Physical therapy for dyspareunia and vaginismus includes:

  • Proper stretching
  • Relaxation
  • Manual treatments

Sandi says, “This treatment is similar to treating other muscles in the body that have become tight from over or under use.” Each patient will go home with a treatment plan designed for their specific situation.

“The best news of all,” Sandi says, “is that it can and most often does improve, leading to a better quality of life, an improved sense of self-esteem, intimacy, and happiness.”

What Are Some Other Conditions Caused by Pelvic Health Dysfunction?

Constipation, particularly when chronic, isn’t often considered a typical PT diagnosis. However, pelvic health PT may help with:

  • Guidelines for food choices
  • Patient education on digestive health
  • Proper relaxation and stretching
  • Self-care techniques

Sandi says, “Oftentimes the pelvic floor muscles are tight, contributing to poor elimination. This is a condition that can improve considerably with the expertise of a pelvic floor specialist.”

There are three types of bladder incontinence:

  • Stress incontinence is caused by exercise or even sneezing
  • Urge incontinence is accompanied by an urgency to go—now
  • Mixed incontinence combines both of these symptoms

Incontinence, which is the inability to control bowel and bladder functions, is also often associated with the pelvic health muscles. One in three women and most men after prostate removal experience incontinence. 

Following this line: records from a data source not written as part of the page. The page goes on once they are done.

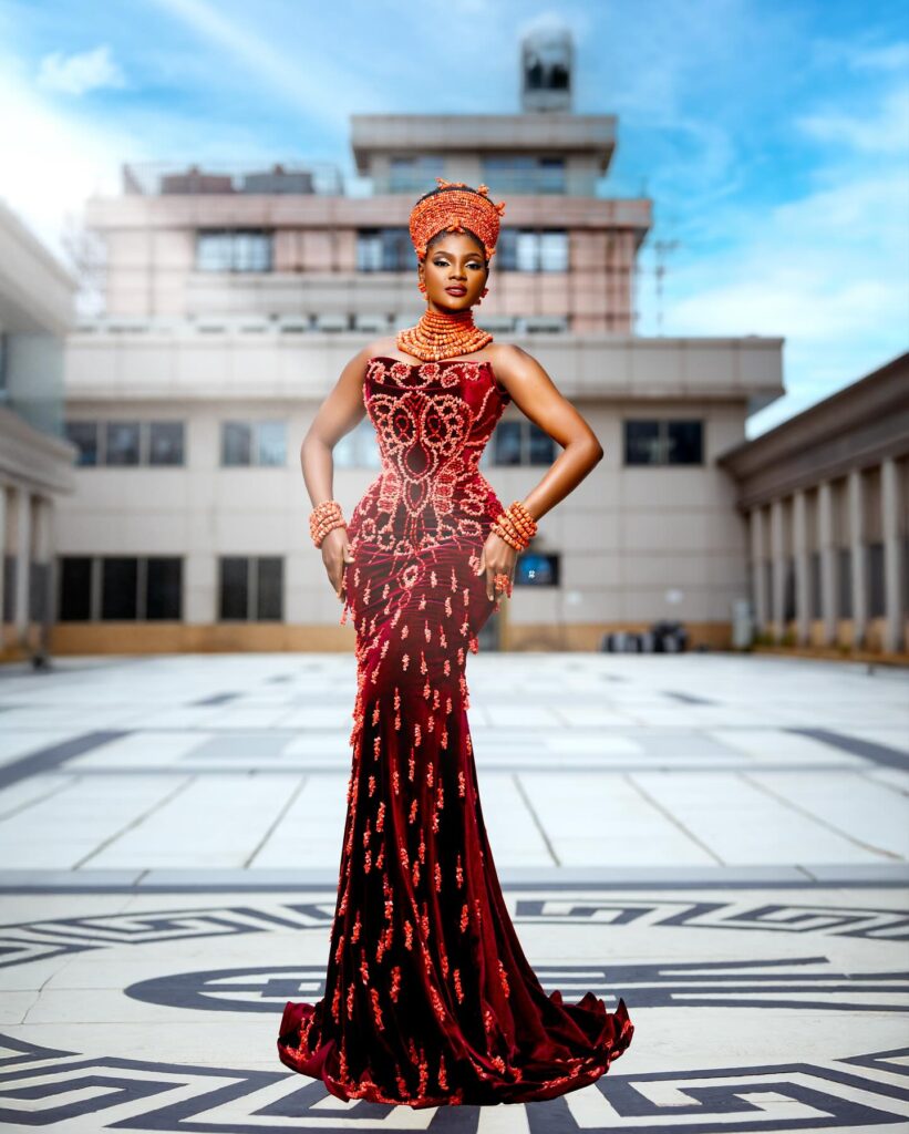 Trish O. Couture designed this lovely dress that does justice to this vision. The Edo traditional-inspired look features a luxurious burgundy velvet dress with dramatic detachable off-shoulder sleeves and a bodice adorned with intricate coral beadwork that is absolutely stunning. True to recognising heritage, Okuku by Fola crafted the elaborate Okuku headpiece, layered coral necklaces, and matching accessories, giving the ensemble a regal finish. To ensure the hair stayed perfectly upright and gorgeous, Brown Shuugaa Extravaganza styled it in the traditional Edo bridal updo that adds even more radiance to the final appearance. It’s a bold, stunning look for the bride who desires luxury in its finest form. Yet to decide on a look for your Edo trad? This might just be the right choice.
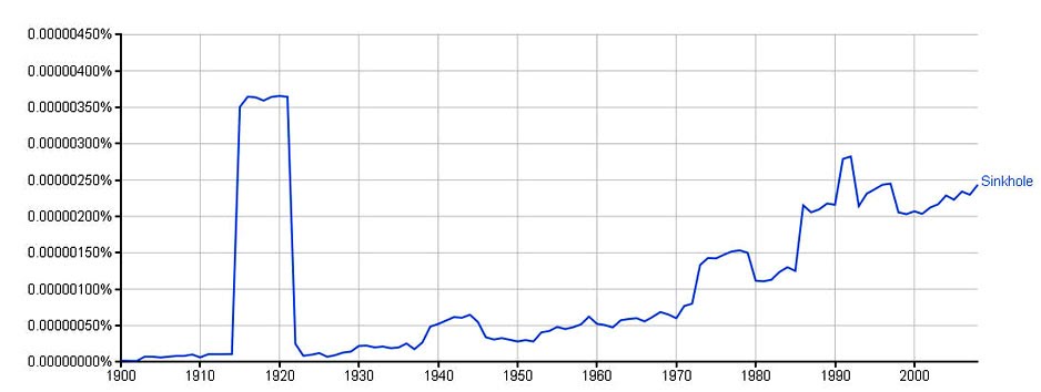 Таких воронок на Ямале уже много. Их называют воронками взрывного характера, типа, газ вырывается на свободу. Такое название вполне соответствует и округлости, и чистым стенкам. Но в других местах Земли газовых скоплений нет. А воронки такие же. Интересна статистика и по слову Sinkhole (карстовая воронка): Как я уже обращал внимание, в районе 1920 года были уничтожены все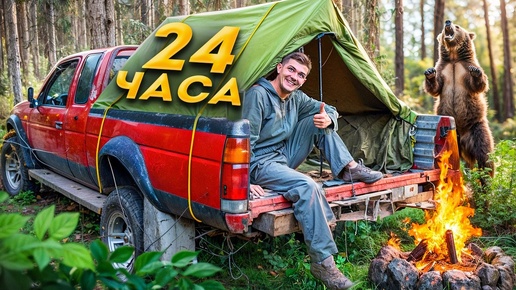 24 ЧАСА в ПИКАПЕ Челлендж! ВЫЖИВАЕМ в ЛЕСУ!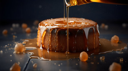 Pouring honey on a cake, close-up, selective focus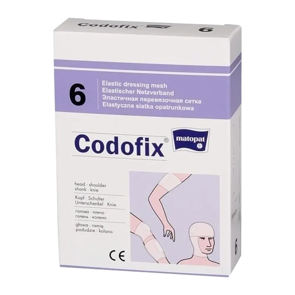 Elastyczna siatka opatrunkowa posiadająca szerokie zastosowanie m.in. jako zamiennik tradycyjnych bandaży do podtrzymywania opatrunków na ciele. Szczególnie polecana do trudnych w opatrywaniu części ciała takich jak głowa, klatka piersiowa, miednica czy krocze. Siatki opatrunkowe Codofix uzyskały pozytywną opinię z badań dermatologicznych, które wykazały, że nie wykazują one własności drażniących lub uczulających.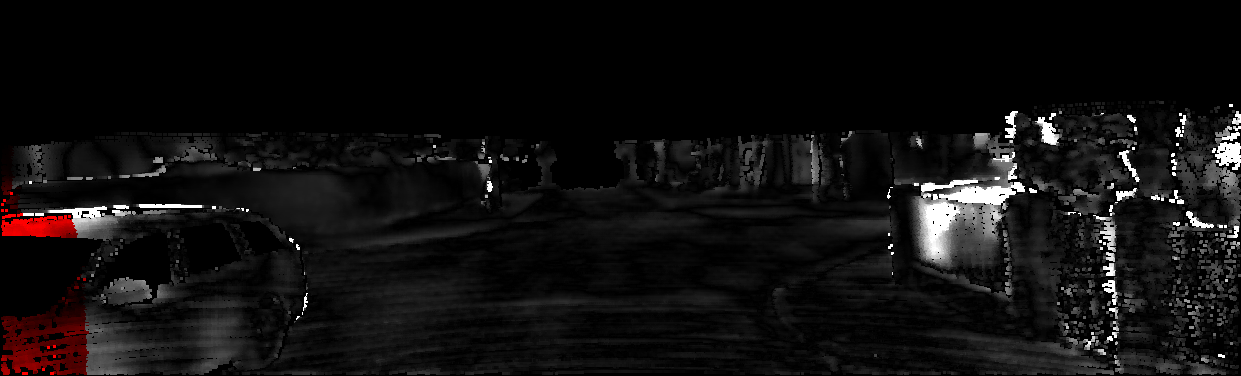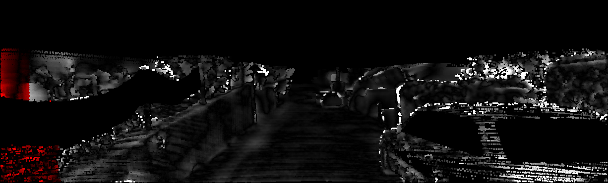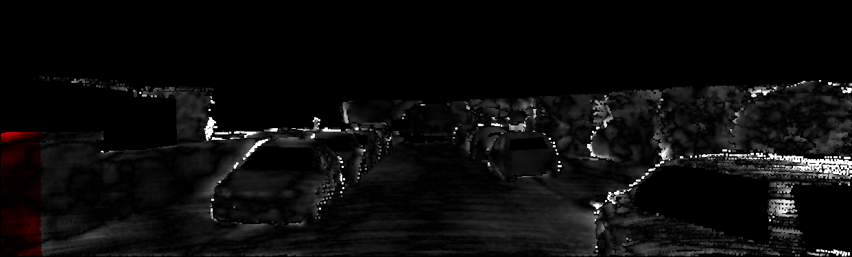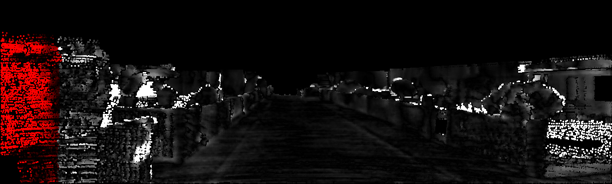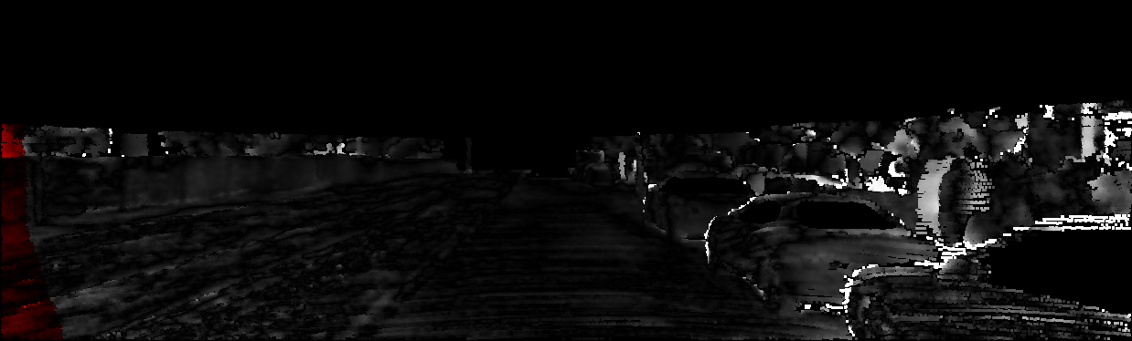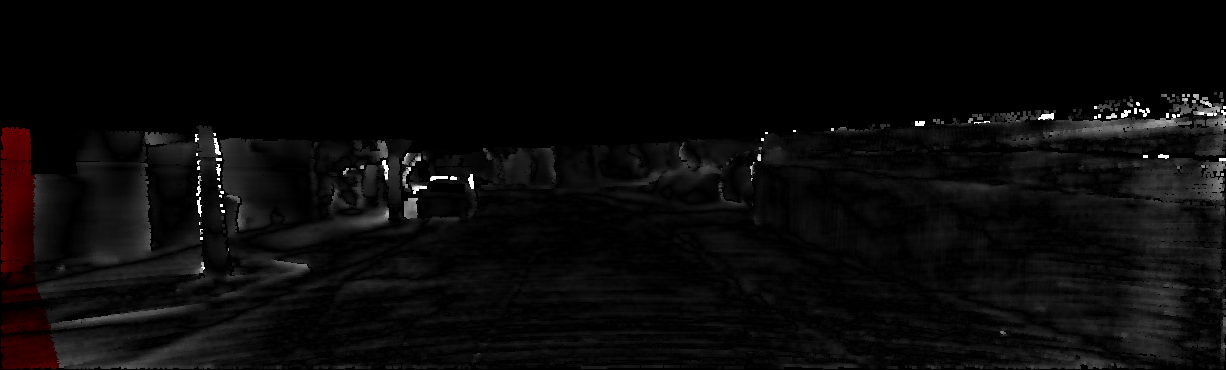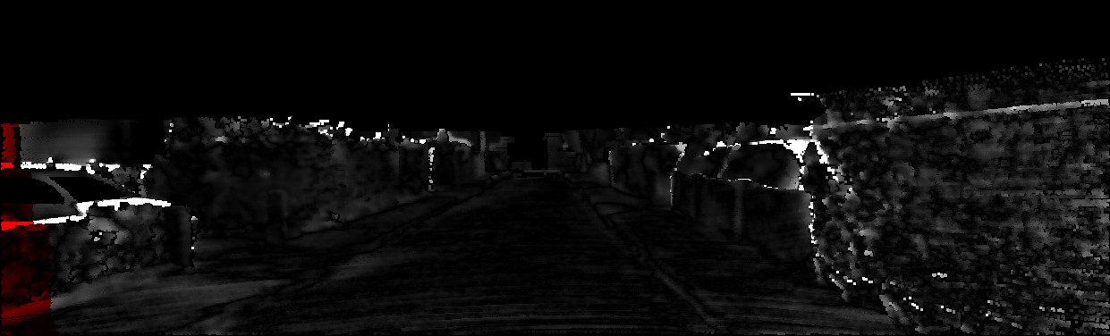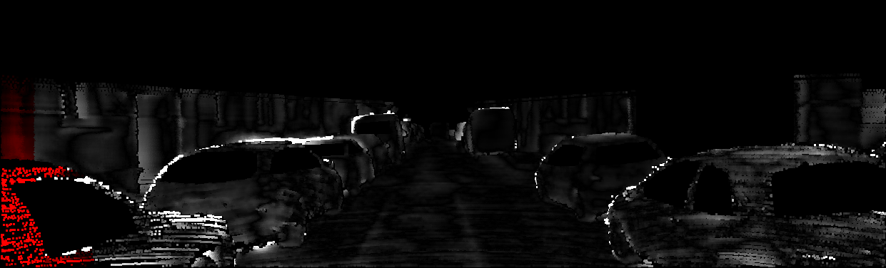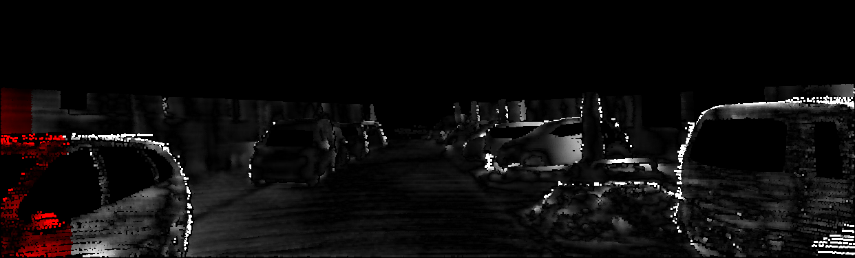 This page provides detailed results for the method(s) selected. For each of the first 20 test images, the number of erroneous pixels at all thresholds is depicted in the table. Underneath, the left input image, the disparity / end-point error map and the estimated (and interpolated) disparity / optical flow map are shown. The error map scales linearly between 0 (black) and >=5 (white) pixels error. Red denotes all occluded pixels, falling outside the image boundaries. The false color map is scaled to the largest ground truth disparity / flow value.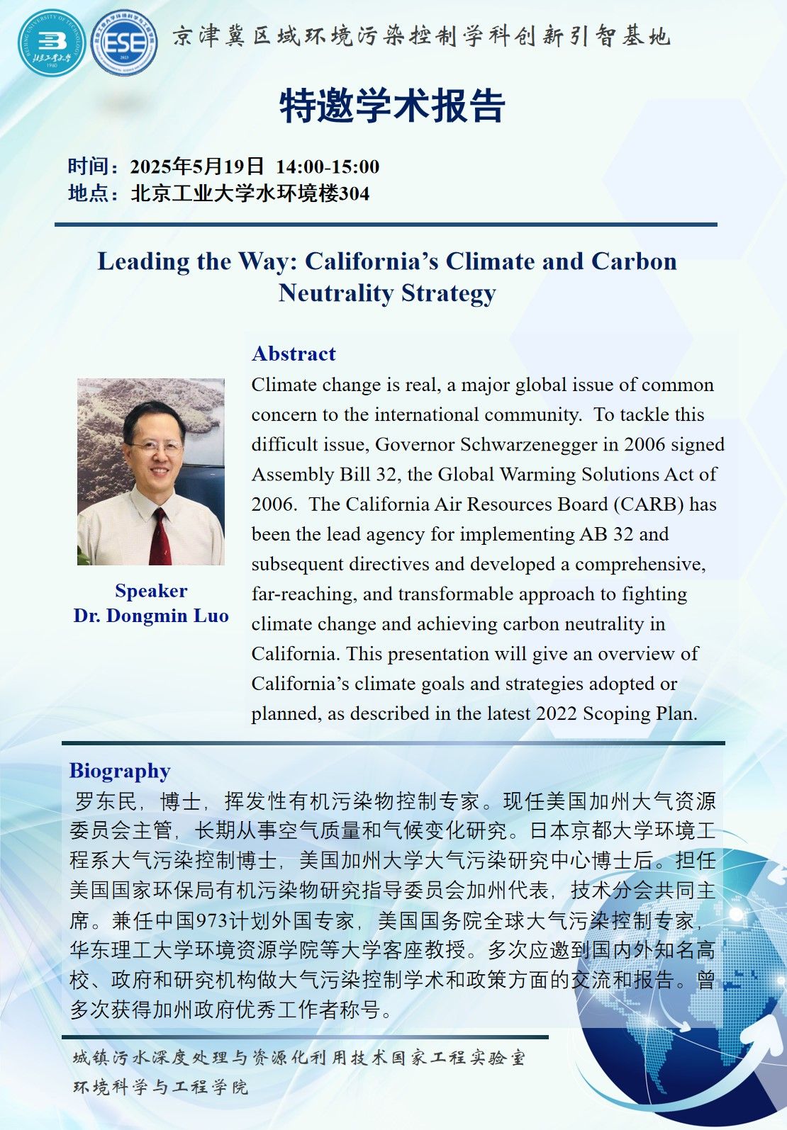 【环境|学术报告】Leading the Way: California’s Climate and Carbon Neutrality Strategy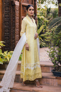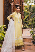 A luxurious ensemble that exudes elegance. The blooming yellow self printed khaadi net shirt features a delicate hand-embroidered paisley and floral design, while the intricate work the neck and hemline detailing that adds a touch of sophistication to the outfit.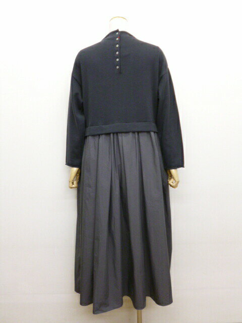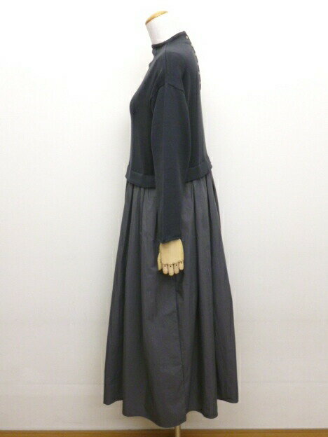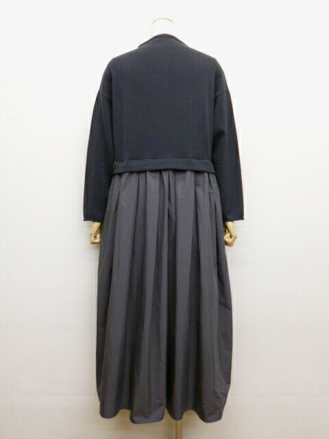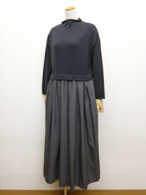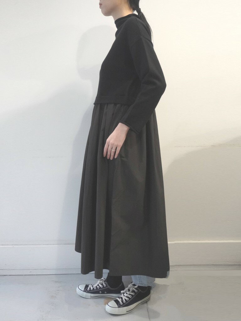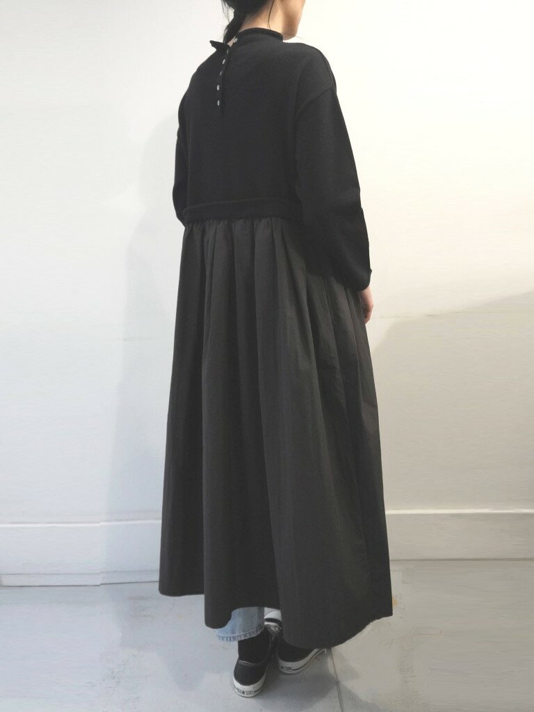 【15%オフ・クーポン対象】マオメイド mao made ワンピース ロング モックネック ドッキング ニット やわらか コットン タフタ 異素材 切り替え 前後 2WAY 2025年春夏物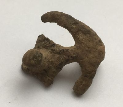 Il est certainement incomplet et présente deux petites excroissances de chaque côté, l'une présentant davantage des angles qu'une section circulaire.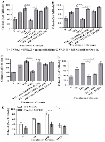 CypD, not ROS, contributes to MVEC necroptosis under the in vitro simulation of IRI conditions. (A–C). MVECs were subjected to cold hypoxia-reoxygenation with cytokines, as described in Figure 1. ROS scavenger NAC, TEMPOL or Mito-TEMPOL were added, respectively. A small amount of (0.1%) Triton X-100 (Tx100) was used to induce maximum death with 100% cell staining of SYTOX green. % EC death = sample count/count of Triton-X100-treated cells. Data are shown at 24 h post-reoxygenation as the mean ± SD of triplicates and representative of at least 3 independent experiments. (D) CypD inhibitor—CsA and control FK506 at 10 μM was added before hypoxia. Data are shown as the mean ± SD and representative of at least 3 independent experiments. (E) Wild-type (WT) and CypD−/− MVECs were subjected to in vitro cold hypoxia-reoxygenation with cytokines, as in Figure 1. Data are shown as the mean ± SD and representative of at least 3 independent experiments. *** p ≤ 0.001; 1-way ANOVA and Tukey’s multiple comparisons test.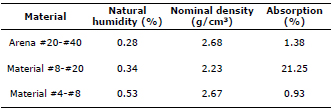 Materials were characterized according to procedures established by the Colombian Institute of Technical Standards ICONTEC and the Colombian Technical Standards -NTC- according to these tests: absorption and density of coarse (NTC 176) and fine (NTC 237) aggregates; sieved for fine and coarse aggregates (NTC 77); determination by washing the material in a 75μ sieve (NTC 78); determination by drying aggregate moisture (NTC 1776).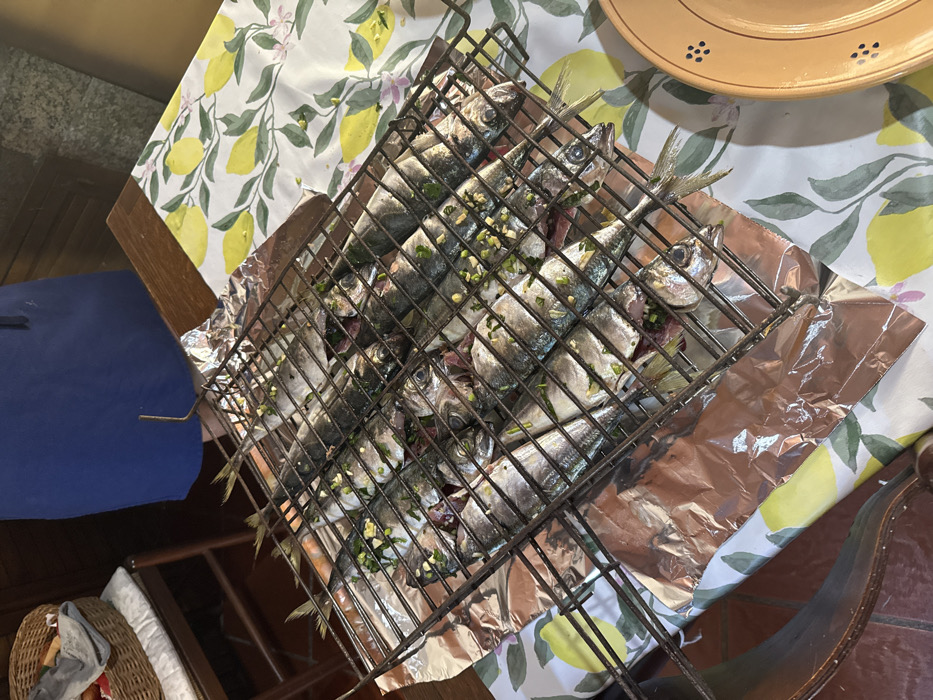 The image depicts an indoor scene in Cutrofiano, Italy, focusing on a preparation of fish for cooking. At the center, a black wire grilling basket holds approximately twenty to twenty-five whole, descaled, and eviscerated small to medium-sized, elongated, silvery fish. The fish are visibly seasoned with finely chopped green herbs and white specks, consistent with parsley and garlic, placed within their cavities and on their skin. The grilling basket rests on a crumpled sheet of silver aluminum foil, which in turn lies on a wooden table. The wooden table is partially covered by a white tablecloth featuring a pattern of yellow lemons, green leaves, and scattered pink blossoms. To the upper left, a wooden chair is visible, supporting a woven basket containing folded grey textiles and several red spherical objects, likely produce. In the upper center-right background, a person's lower torso and legs are partially visible, clad in a dark blue garment, possibly an apron or work attire. To the right of the fish, a segment of an orange-brown ceramic plate with a decorative border of dark dots is visible. The floor beneath the table and chair is composed of reddish-brown tiles.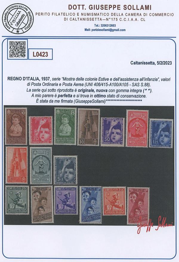 1937 - Colonie estive n.406/415 + A100/A105, nuovi con gomma integra MNH. certificato Sollami.
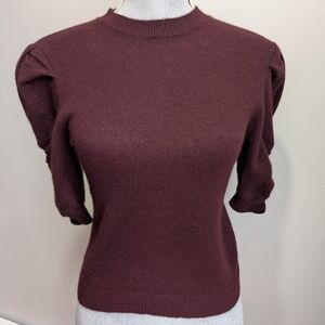 This sweater has a crew neck, puff sleeves and a ruched detailing on the sleeves.

Ashley Kiely says, “Pelvic floor rehabilitation can help address these issues by improving pelvic floor muscle strength, coordination, power, and endurance.” Treatment of this condition by a pelvic floor PT includes:

  • Breathing patterns
  • Coughing patterns
  • Education on lifestyle changes
  • Instruction on key goals for the treatment

What to Expect During Your First Pelvic Health Exam

Sandi says, “Seeing a pelvic health PT begins with a basic orthopedic evaluation and examination of the pelvic floor muscles. It typically does involve an internal exam that is performed without the use of a speculum used by OB/GYNs.” The exam is always geared toward the individual comfort level of each patient. 

Your physical therapist will learn more about your symptoms during this visit. You may undergo certain movements and exercises to determine the strength and coordination of your pelvic floor muscles. This could include:

  • Biofeedback to check the contraction of your pelvic floor muscles
  • Electrical stimulation to ease muscle spasms and pelvic pain
  • Kegels to relax and contract the pelvic floor muscles
  • Trigger point therapy that puts pressure on the body to loosen tight muscles

Each patient receives a home exercise plan to continue the good work to improve your health at home. Treatment plans are highly individualized because everyone’s healthy journey is different, but you can count on having both internal and external therapies designed to strengthen your pelvic floor and alleviate the symptoms you’re having. The goal is to ease symptoms so that you can get back to your normal routine.

Sandi says, “Seeing a pelvic health therapist includes being educated about your condition and your body, leaving you with a new sense of empowerment and comfort.”